A year later, Dupuis teamed up with his mentor, Nick Holonyak, to develop the process further. Holonyak was already famous for having built the first visible LED, or light-emitting diode, in 1962. Together, they demonstrated that MOCVD was better than another emerging process, molecular beam epitaxy (MBE), for growing compound semiconductors with very complex structures.
That demonstration put MOCVD on the path as the preferred process for manufacturing semiconductor devices, and today, millions of these devices are made around the world every day using MOCVD.
Specific materials of interest under current investigation are:
(1) the "wide-bandgap" III-nitride alloys of InAlGaN;
(2) the "long-wavelength" alloys of InAlGaAsP, and InGaAsSb;
(3) the visible light-emitting materials containing InAlGaP alloys; and
(4) nanostructures composed of III-V compound semiconductor materials.
His lab explores the the interactions of the charge carriers (electrons and holes) in "zero-dimensional" quantum dots and the electronic states in "two-dimensional" quantum well nanostructures.This is key to developing advanced electronic materials and devices for future-generation commercial and defense applications.

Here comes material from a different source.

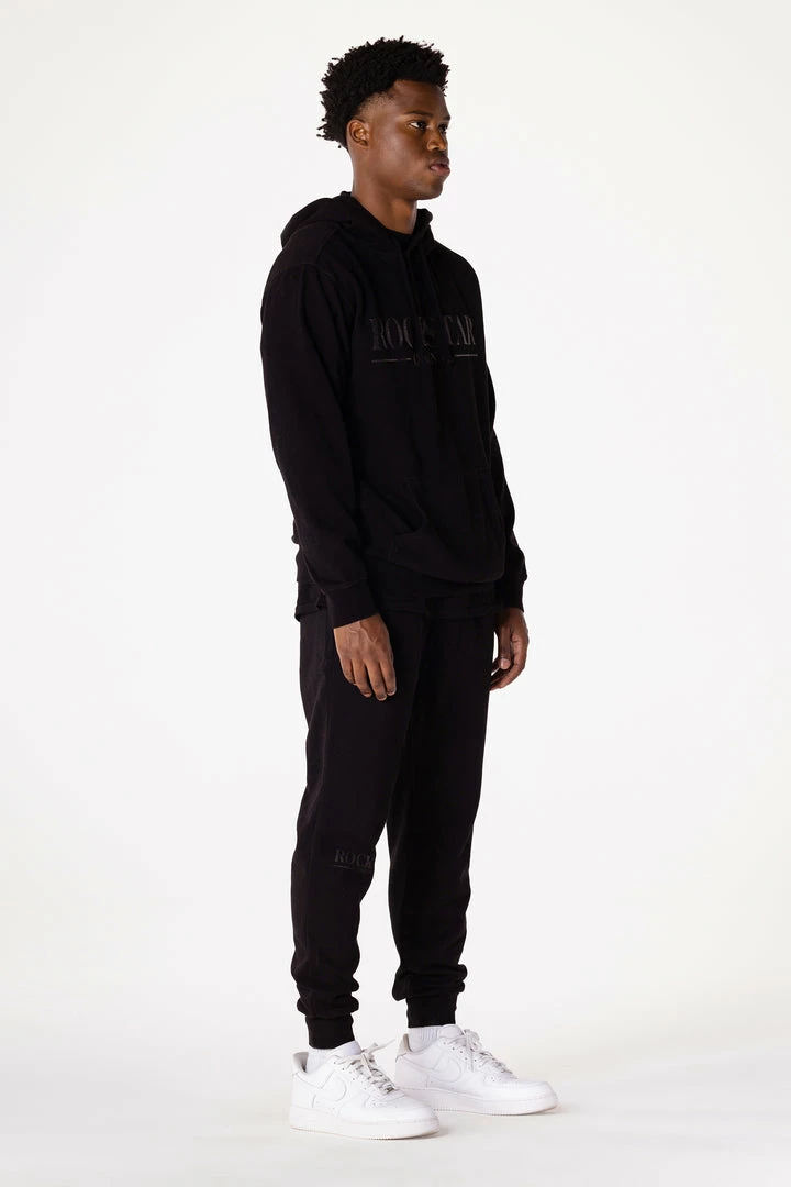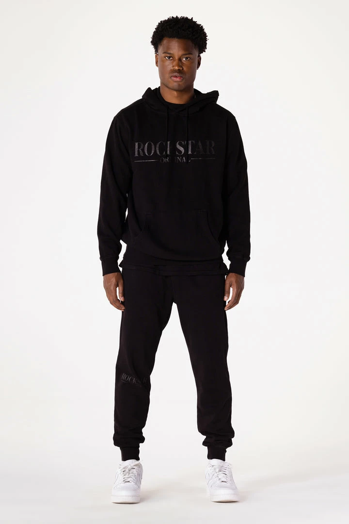 Rockstar Original Men’s two-piece essential sweat pant set in black. Featuring clean RSO logos on the top and bottom. Top accents a drawstring hood and ribbed cuffs and hemline while bottoms accent a drawstring waistband, side pockets and ribbed cuffs. Designed with luxurious cotton for a super soft internal finish.

Dr. Dupuis' team is developing "wide bandgap" III-V compound semiconductors and they are working to improve materials quality and device performance. The lab has several worldwide device records at this time and seeks to remain at the leading edge of this important new field.
Dr. Dupuis came to Georgia because of the excellence of the faculty, facilities, infrastructure and administrative management at Georgia Tech and the opportunity to build a strong area of research at one of the best engineering universities in the world. The support of the Georgia Research Alliance was a critically important element in his decision to come to Georgia Tech. Dr. Dupius helped to create the new Nanotechnology Research Center at Georgia Tech and to develop new interdisciplinary research opportunities in the nano-bio-electronics fields.